Exercise aim
Find the line with "露天風呂の方はグリーンの透明なお湯で湯花もあまり舞っていませんでした。" in the records below. Output exactly from there until after the line with "(CASDB-MTO-PLGA Nanoparticles, CMPs),将CASDB与临床化疗药物米托蒽醌", without pictures.

Material provided
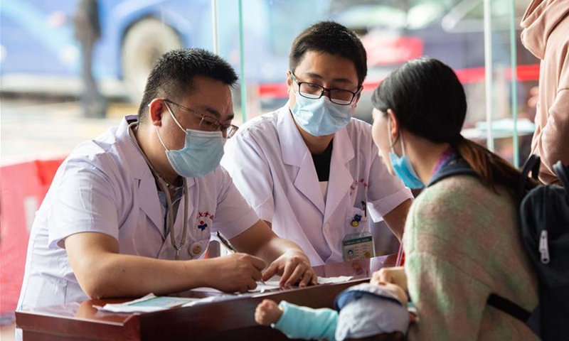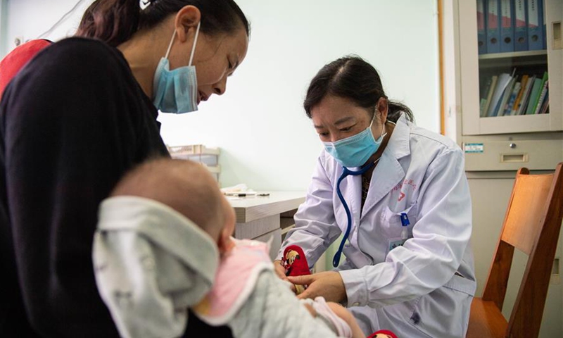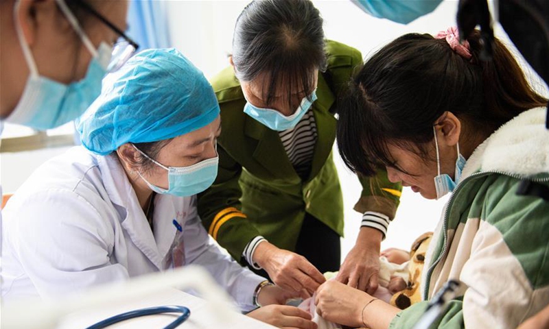 A doctor from Hunan Children's Hospital performs congenital heart disease (CHD) screening for a newborn baby in Loudi, central China's Hunan Province, Sept. 25, 2020. Hunan Province has piloted a CHD screening program at hospitals in its four cities, namely Changsha, Shaoyang, Yueyang and Loudi. Under the program, newborn babies diagnosed with CHD will be transferred to Hunan Children's Hospital for further evaluation and free treatment. (Xinhua/Chen Sihan)
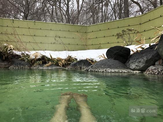 露天風呂の方はグリーンの透明なお湯で湯花もあまり舞っていませんでした。
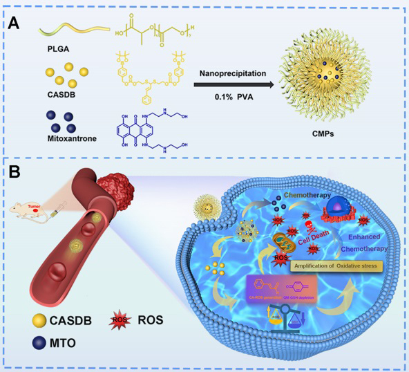 作者通过纳米沉淀法制备得到刺激响应性纳米粒子 (CASDB-MTO-PLGA Nanoparticles, CMPs),将CASDB与临床化疗药物米托蒽醌 (MTO) 和PLGA相结合。CMPs可通过高渗透长滞留效应(Enhanced Permeability and Retention effect, EPR effect)在肿瘤组织中达到预期的积累,从而有效诱导肿瘤细胞凋亡。特别是肿瘤部位的ROS可触发CASDB的牺牲,生成肉桂醛 (CA) 和醌甲基 (QM)。CA和QM协同促进氧化应激对线粒体的损伤,导致癌细胞对MTO更加敏感。同时,MTO扰乱癌细胞的细胞微环境,从而进一步促进CASDB的降解。
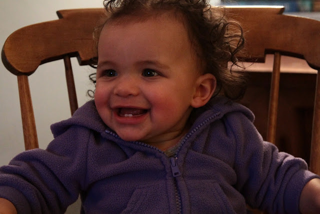 Tessa Jean is 10 months old today. I always tell my girlfriends who live out of town that she is more than her milestones, that it's hard for me to sum up "what's going on with her" in words or by listing off her achievements. I do like that my Lil Miss Independent has grown more attached to me lately, clinging to me when I try to put her down. I think our road trip bonded her to us even more because it was such an intense, hands-on time together. I love that she's become more affectionate. She will sit still longer so I can cuddle her in my lap and she'll move her little, open rosebud mouth toward mine for a kiss and wrap her little fists around my neck for a hug. She laughs a lot more now. She's still not walking but she is standing up on her own and she'll stay standing for a few seconds before plopping down on her booty. I secretly fear that she'll only accept pureed food for the rest of her life because she's been so slow to take to big people food. But there are no adults that I know of that require that all of their foods be put into a blender, so surely this will pass.
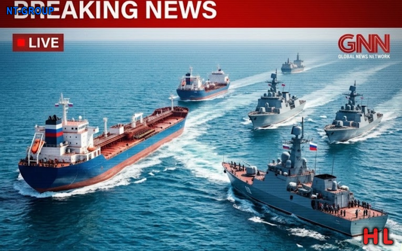 Western intelligence says a convoy of heavily laden Russian tankers abruptly switched off their AIS transponders before veering toward the U.S. fleet in a narrow shipping corridor, escorted at a distance by Russian frigates and long‑range patrol aircraft. On radar, the lumbering giants now sit on near‑collision courses with American warships, forcing the US Navy to thread between asserting freedom of navigation and avoiding a catastrophic ramming incident at sea.

Final answer
 露天風呂の方はグリーンの透明なお湯で湯花もあまり舞っていませんでした。
 作者通过纳米沉淀法制备得到刺激响应性纳米粒子 (CASDB-MTO-PLGA Nanoparticles, CMPs),将CASDB与临床化疗药物米托蒽醌 (MTO) 和PLGA相结合。CMPs可通过高渗透长滞留效应(Enhanced Permeability and Retention effect, EPR effect)在肿瘤组织中达到预期的积累,从而有效诱导肿瘤细胞凋亡。特别是肿瘤部位的ROS可触发CASDB的牺牲,生成肉桂醛 (CA) 和醌甲基 (QM)。CA和QM协同促进氧化应激对线粒体的损伤,导致癌细胞对MTO更加敏感。同时,MTO扰乱癌细胞的细胞微环境,从而进一步促进CASDB的降解。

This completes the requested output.